▶ [About this task]:
For this exercise, repeat each entry exactly as written.

▶ [Records for the exercise]:
<<<<

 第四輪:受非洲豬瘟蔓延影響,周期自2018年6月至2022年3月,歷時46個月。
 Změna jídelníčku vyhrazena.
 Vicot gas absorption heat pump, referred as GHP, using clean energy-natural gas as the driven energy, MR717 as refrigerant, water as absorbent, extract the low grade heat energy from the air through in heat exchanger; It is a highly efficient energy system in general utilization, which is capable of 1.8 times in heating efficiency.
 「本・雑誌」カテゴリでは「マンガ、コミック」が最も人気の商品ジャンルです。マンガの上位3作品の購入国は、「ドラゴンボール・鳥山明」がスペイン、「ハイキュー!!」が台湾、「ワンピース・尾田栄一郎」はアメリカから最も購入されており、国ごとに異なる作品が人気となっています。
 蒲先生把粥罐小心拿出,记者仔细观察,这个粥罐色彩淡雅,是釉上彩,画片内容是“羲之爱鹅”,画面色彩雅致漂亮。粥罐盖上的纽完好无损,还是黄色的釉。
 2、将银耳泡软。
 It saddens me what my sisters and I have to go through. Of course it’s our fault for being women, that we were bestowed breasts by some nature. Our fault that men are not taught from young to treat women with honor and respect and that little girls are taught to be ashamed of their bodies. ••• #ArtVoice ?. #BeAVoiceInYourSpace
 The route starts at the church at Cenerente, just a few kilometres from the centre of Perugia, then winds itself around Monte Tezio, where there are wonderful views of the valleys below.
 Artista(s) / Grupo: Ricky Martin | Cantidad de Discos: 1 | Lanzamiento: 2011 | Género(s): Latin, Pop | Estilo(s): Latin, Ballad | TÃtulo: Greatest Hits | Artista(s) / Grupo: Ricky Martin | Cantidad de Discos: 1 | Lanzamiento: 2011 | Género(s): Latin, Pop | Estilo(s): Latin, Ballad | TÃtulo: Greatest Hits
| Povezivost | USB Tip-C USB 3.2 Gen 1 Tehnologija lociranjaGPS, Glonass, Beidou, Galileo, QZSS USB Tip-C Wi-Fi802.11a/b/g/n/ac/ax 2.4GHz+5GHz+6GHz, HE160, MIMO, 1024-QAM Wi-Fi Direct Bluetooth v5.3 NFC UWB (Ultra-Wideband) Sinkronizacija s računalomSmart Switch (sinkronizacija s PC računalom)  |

>>>>

▶ [Solution for this problem]:
 第四輪:受非洲豬瘟蔓延影響,周期自2018年6月至2022年3月,歷時46個月。
 Změna jídelníčku vyhrazena.
 Vicot gas absorption heat pump, referred as GHP, using clean energy-natural gas as the driven energy, MR717 as refrigerant, water as absorbent, extract the low grade heat energy from the air through in heat exchanger; It is a highly efficient energy system in general utilization, which is capable of 1.8 times in heating efficiency.
 「本・雑誌」カテゴリでは「マンガ、コミック」が最も人気の商品ジャンルです。マンガの上位3作品の購入国は、「ドラゴンボール・鳥山明」がスペイン、「ハイキュー!!」が台湾、「ワンピース・尾田栄一郎」はアメリカから最も購入されており、国ごとに異なる作品が人気となっています。
 蒲先生把粥罐小心拿出,记者仔细观察,这个粥罐色彩淡雅,是釉上彩,画片内容是“羲之爱鹅”,画面色彩雅致漂亮。粥罐盖上的纽完好无损,还是黄色的釉。
 2、将银耳泡软。
 It saddens me what my sisters and I have to go through. Of course it’s our fault for being women, that we were bestowed breasts by some nature. Our fault that men are not taught from young to treat women with honor and respect and that little girls are taught to be ashamed of their bodies. ••• #ArtVoice ?. #BeAVoiceInYourSpace
 The route starts at the church at Cenerente, just a few kilometres from the centre of Perugia, then winds itself around Monte Tezio, where there are wonderful views of the valleys below.
 Artista(s) / Grupo: Ricky Martin | Cantidad de Discos: 1 | Lanzamiento: 2011 | Género(s): Latin, Pop | Estilo(s): Latin, Ballad | TÃtulo: Greatest Hits | Artista(s) / Grupo: Ricky Martin | Cantidad de Discos: 1 | Lanzamiento: 2011 | Género(s): Latin, Pop | Estilo(s): Latin, Ballad | TÃtulo: Greatest Hits
| Povezivost | USB Tip-C USB 3.2 Gen 1 Tehnologija lociranjaGPS, Glonass, Beidou, Galileo, QZSS USB Tip-C Wi-Fi802.11a/b/g/n/ac/ax 2.4GHz+5GHz+6GHz, HE160, MIMO, 1024-QAM Wi-Fi Direct Bluetooth v5.3 NFC UWB (Ultra-Wideband) Sinkronizacija s računalomSmart Switch (sinkronizacija s PC računalom)  |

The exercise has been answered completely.